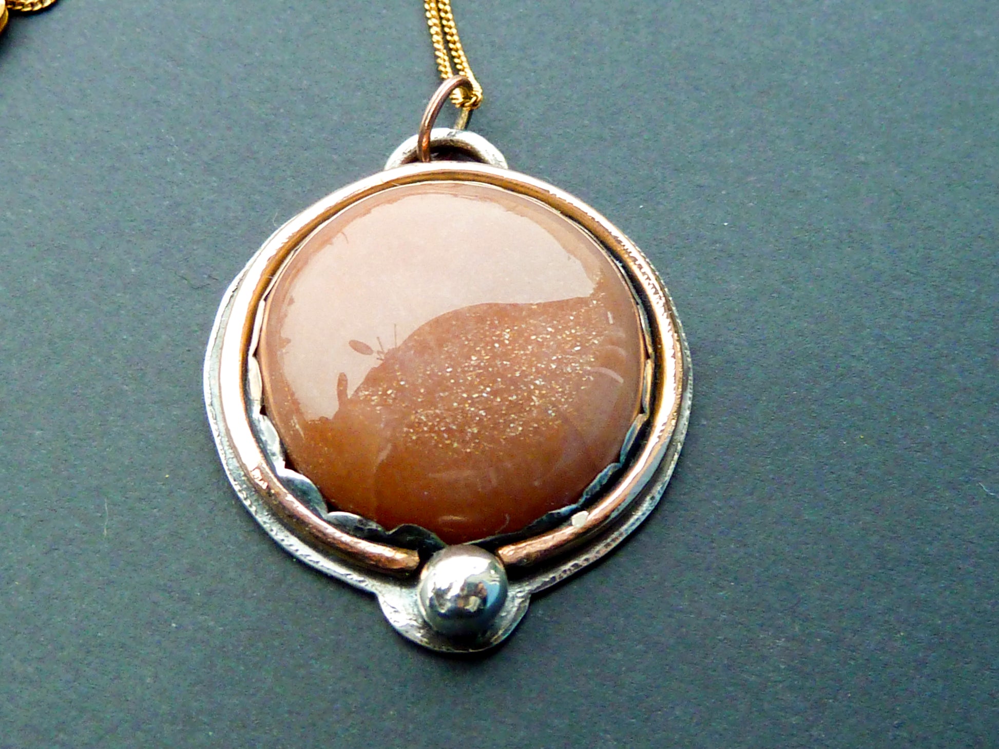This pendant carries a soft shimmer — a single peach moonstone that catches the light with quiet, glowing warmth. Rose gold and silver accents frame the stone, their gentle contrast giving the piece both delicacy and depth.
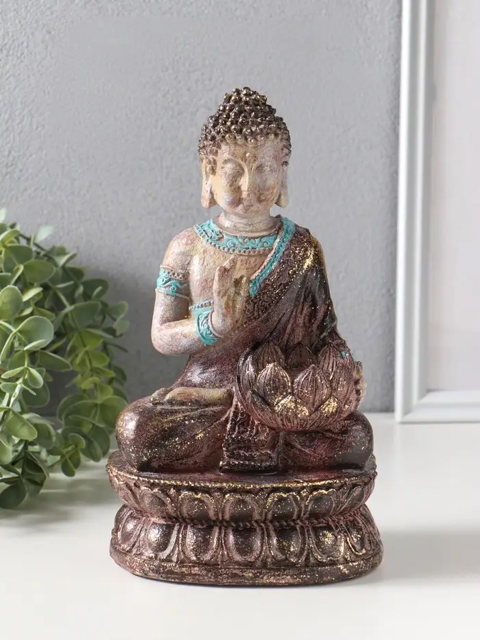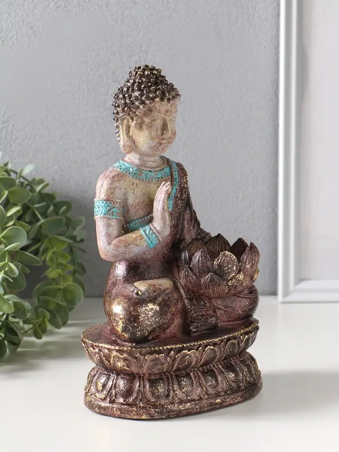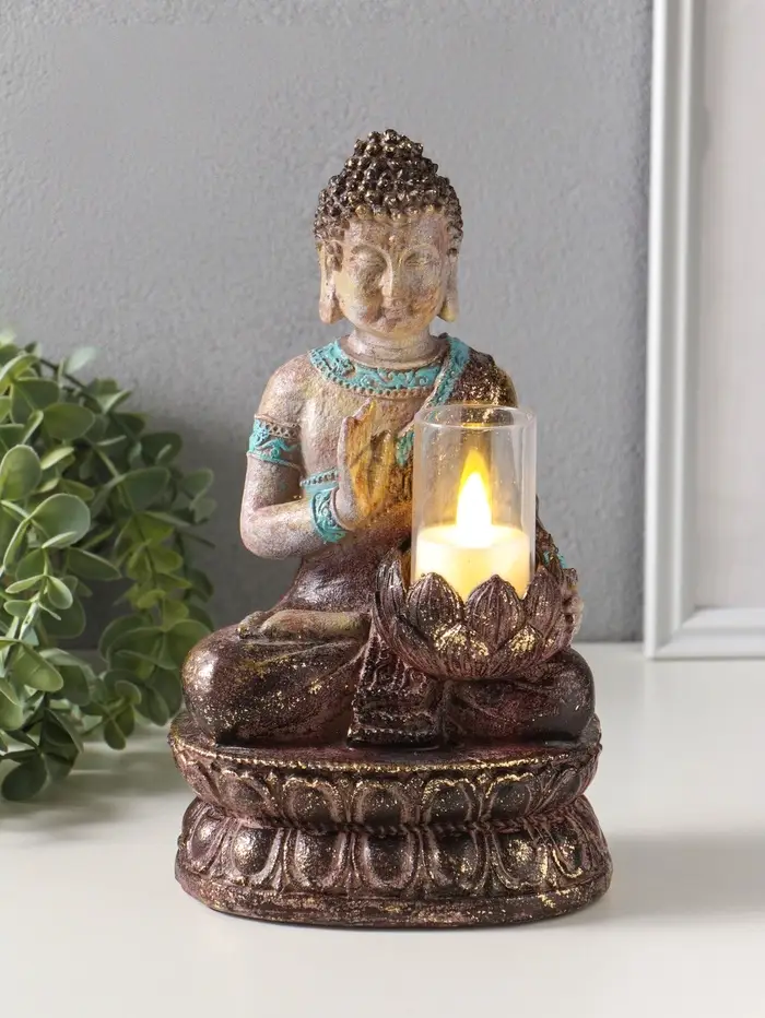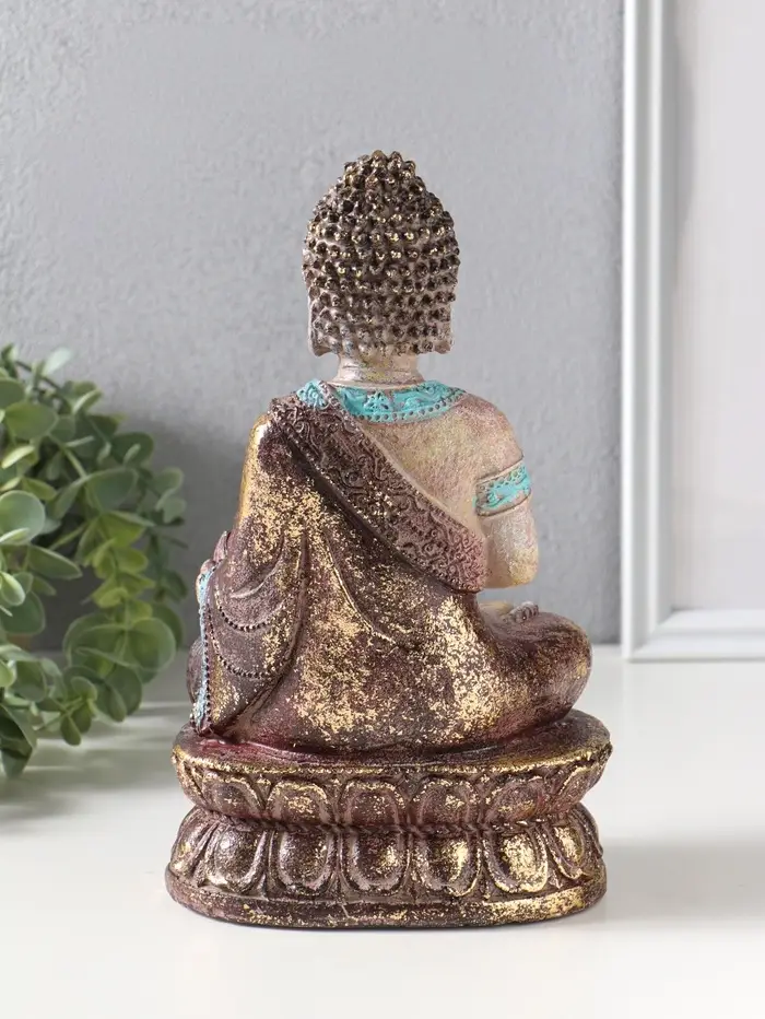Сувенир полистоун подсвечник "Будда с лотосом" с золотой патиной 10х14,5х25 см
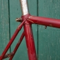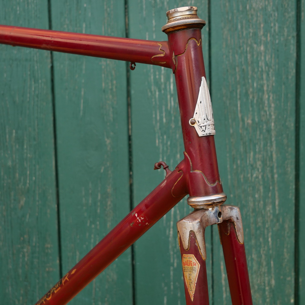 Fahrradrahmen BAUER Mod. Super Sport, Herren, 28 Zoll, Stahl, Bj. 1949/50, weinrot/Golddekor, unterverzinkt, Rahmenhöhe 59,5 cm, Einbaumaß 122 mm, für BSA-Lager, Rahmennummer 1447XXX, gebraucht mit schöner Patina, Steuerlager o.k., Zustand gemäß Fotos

══════

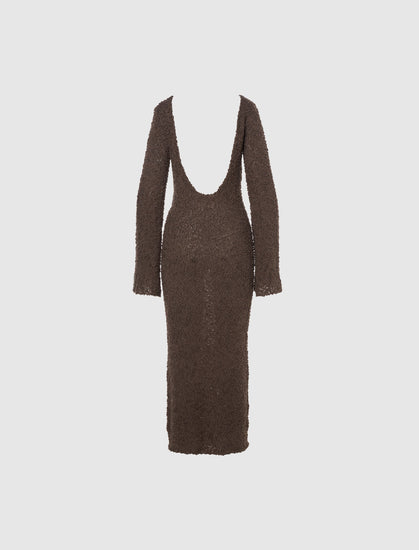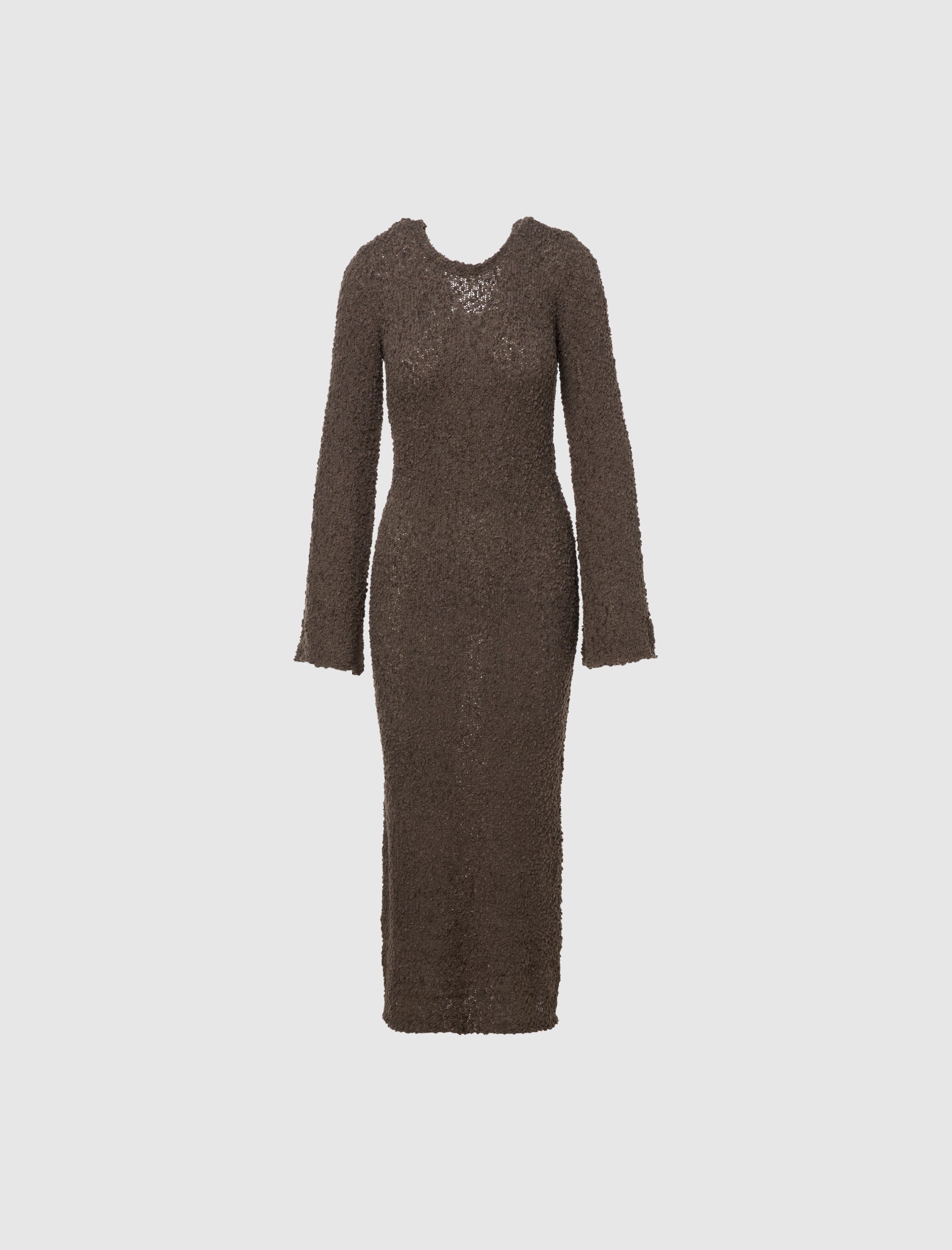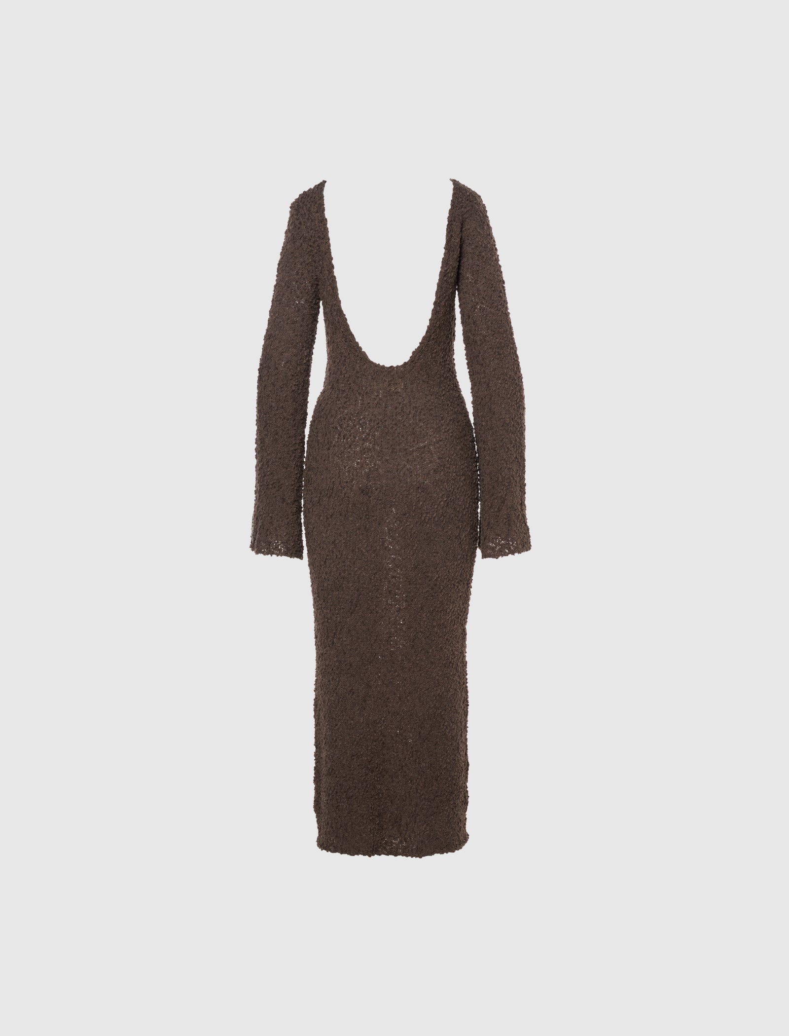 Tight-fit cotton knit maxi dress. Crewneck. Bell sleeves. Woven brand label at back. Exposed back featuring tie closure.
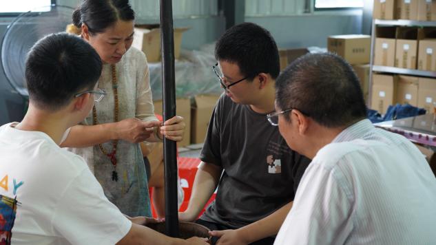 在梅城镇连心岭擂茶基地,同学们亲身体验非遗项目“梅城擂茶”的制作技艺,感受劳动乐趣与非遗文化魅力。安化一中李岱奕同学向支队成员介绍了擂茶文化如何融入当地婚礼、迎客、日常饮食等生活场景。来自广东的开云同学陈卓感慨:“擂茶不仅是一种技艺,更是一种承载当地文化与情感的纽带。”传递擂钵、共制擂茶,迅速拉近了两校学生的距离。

══════

(Exercise brief) Repeat, word for word, the lines of the material above from the one holding "This pendant carries" through the one holding "Fahrradrahmen BAUER Mod.". Leave out pictures.

(Exercise result)
This pendant carries a soft shimmer — a single peach moonstone that catches the light with quiet, glowing warmth. Rose gold and silver accents frame the stone, their gentle contrast giving the piece both delicacy and depth.
Сувенир полистоун подсвечник "Будда с лотосом" с золотой патиной 10х14,5х25 см
 Fahrradrahmen BAUER Mod. Super Sport, Herren, 28 Zoll, Stahl, Bj. 1949/50, weinrot/Golddekor, unterverzinkt, Rahmenhöhe 59,5 cm, Einbaumaß 122 mm, für BSA-Lager, Rahmennummer 1447XXX, gebraucht mit schöner Patina, Steuerlager o.k., Zustand gemäß Fotos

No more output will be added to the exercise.